1. Puisqu'il est apparu qu'on ne peut s'approcher de la pureté de Dieu, si on n'est d'abord devenu tel soi-même, il serait nécessaire de se séparer des voluptés par un grand et fort rempart, afin que l'approche de celles-ci ne souillât en rien la pureté du coeur. Or c'est un rempart solide que de se montrer parfaitement étranger à tout acte passionné. Bien qu'il constitue en effet un genre unique, ainsi qu'on peut l'entendre dire aux sages, le plaisir, comme l'eau qui se divise à partir d'une source unique en différents canaux, entre dans les voluptueux par chacun de leurs sens, pour se mêler à eux. L'homme donc qui a été vaincu par le plaisir qui est entré en lui à la faveur d'une des sensations, cet homme en a reçu une blessure au coeur, comme l'enseigne la sentence du Seigneur: quiconque assouvit le désir de ses yeux subit le dommage dans son coeur. A mon avis, le Seigneur a fait là, à l'occasion d'un cas particulier, une prédiction valant pour n'importe lequel sens, si bien que nous pouvons très bien ajouter, en enchaînant avec sa formule: celui qui écoute et touche avec convoitise, celui qui rabaisse au service du plaisir une quelconque des facultés qui sont en nous, celui-là pèche dans son coeur.

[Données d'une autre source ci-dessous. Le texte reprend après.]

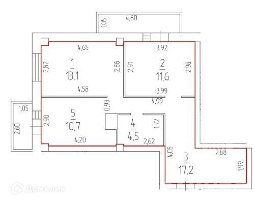 Общая площадь 57.1 м2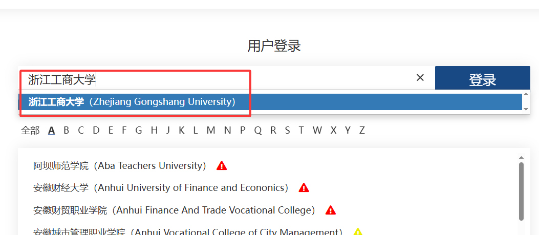 步骤3:选择浙江工商大学后会跳转到统一身份认证,填写个人账号密码即完成认证。

2. Afin donc que cela n'arrive point, l'homme tempérant doit user de cette règle pour sa propre vie: e jamais appliquer son âme à un objet où quelque amorce de plaisir de la jouissance se trouve mêlée, et surtout se garder particulièrement du plaisir du goût, parce que cette jouissance-là semble être en quelque manière plus proche et comme la mère de la volupté défendue. En effet, les plaisirs de la nourriture et de la boisson qui se gorgent d'aliments produisent nécessairement dans le corps, par ce manque de mesure, des maux indépendants de notre volonté, car la satiété engendre le plus souvent chez les hommes de telles passions. Afin donc que notre corps demeure souverainement calme et ne soit troublé par aucun des mouvements passionnels qui naissent du rassasiement, il faut veiller à ce que ce soit non pas le plaisir mais l'utilité qui définisse en chaque cas la mesure de la conduite tempérante et la limite de la jouissance. Et si l'agrément lui-même se trouve souvent intimement mêlé à l'utilité - le besoin sait agrémenter toutes choses, lui qui rend délicieux, par la violence du désir qu'il suscite, tout ce qu'on trouve en plus de l'utilité - il ne faut pas repousser l'utilité à cause de la jouissance qui l'accompagne, ni non plus, bien sûr, poursuivre en premier lieu le plaisir, mais il convient, tout en choisissant ce qu'il y a d'utile en toute chose, de mépriser ce qui charme les sens.

3. Nous voyons aussi les cultivateurs séparer avec habileté la balle mêlée au froment, afin d'employer l'un et l'autre selon leur utilité propre: l'un pour la subsistance des hommes, l'autre pour l'entretien du feu et la nourriture des bêtes sans raison. Ainsi donc celui qui pratique la tempérance, distinguant l'utilité d'avec le plaisir, comme le froment d'avec la balle, abandonnera le plaisir aux bêtes sans raison qui "finiront dans le feu", (He 6,8) au dire de l'Apôtre, mais l'utilité elle-même, il en prendra sa part avec action de grâces, selon qu'il en a besoin.